Custom Stream evaluators
Evaluators are responsible for the calculation of metrics. To help you get started quickly, Steel Thread provides a built-in LLMJudgeEvaluator
for stream based evaluation using LLM-as-Judge. This explained in the previous section on basic usage.

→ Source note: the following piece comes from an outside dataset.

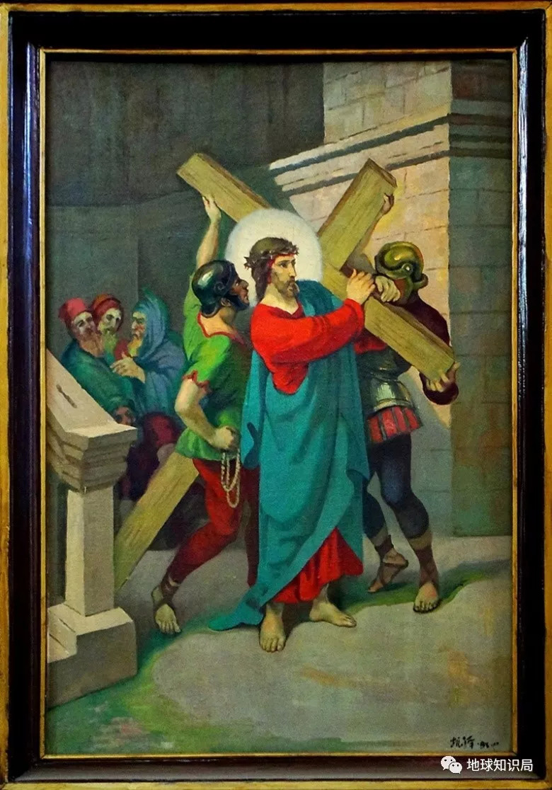 天主教与新教的教堂在布局上也有显著区别:天主教堂入口处必有圣水钵,教徒进堂后蘸圣水画十字,新教教堂则无此设施;天主教堂在堂内两侧立柱上挂有14处苦路像,描绘耶稣在被诬告定罪后,背负十字架前往加尔瓦略山(新教称其为各各他)的场景。
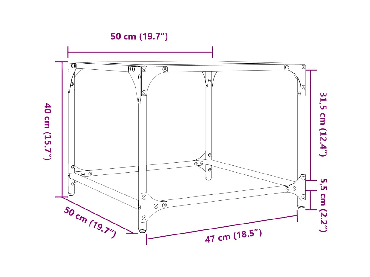 2 pcs Mesas de centro | Mesa de apoio | Mesa de café c/ topo em vidro preto 50x50x40 cm aço

You can add your own custom Stream evaluators, be it LLM-as-Judge or deterministic ones. StreamEvaluator
can implement two methods:
from steelthread.streams import PlanStreamItem, PlanRunStreamItem, StreamMetric,
class MyStreamEvaluator(StreamEvaluator):
def process_plan(self, stream_item: PlanStreamItem) -> list[StreamMetric] | StreamMetric:
...
def process_plan_run(self, stream_item: PlanRunStreamItem) -> list[StreamMetric] | StreamMetric | None:
...
Below are two examples of custom evaluators, both using LLM-as-Judge or deterministic
- LLM-as-judge
- Deterministic
You can use an LLM to score plan runs automatically. When you subclass StreamEvaluator
, you first initialise your LLMScorer
and then define how you want to process plans / plan runs with this evaluator.
from portia import Config
from steelthread.steelthread import SteelThread
from steelthread.streams import (
StreamConfig,
PlanRunStreamItem,
StreamEvaluator,
StreamMetric
)
from steelthread.utils.llm import LLMScorer, MetricOnly
class LLMVerbosityJudge(StreamEvaluator):
def __init__(self, config):
self.scorer = LLMScorer(config)
def process_plan_run(self, stream_item: PlanRunStreamItem):
# The stream_item object holds the underlying plan / plan run being evaluated.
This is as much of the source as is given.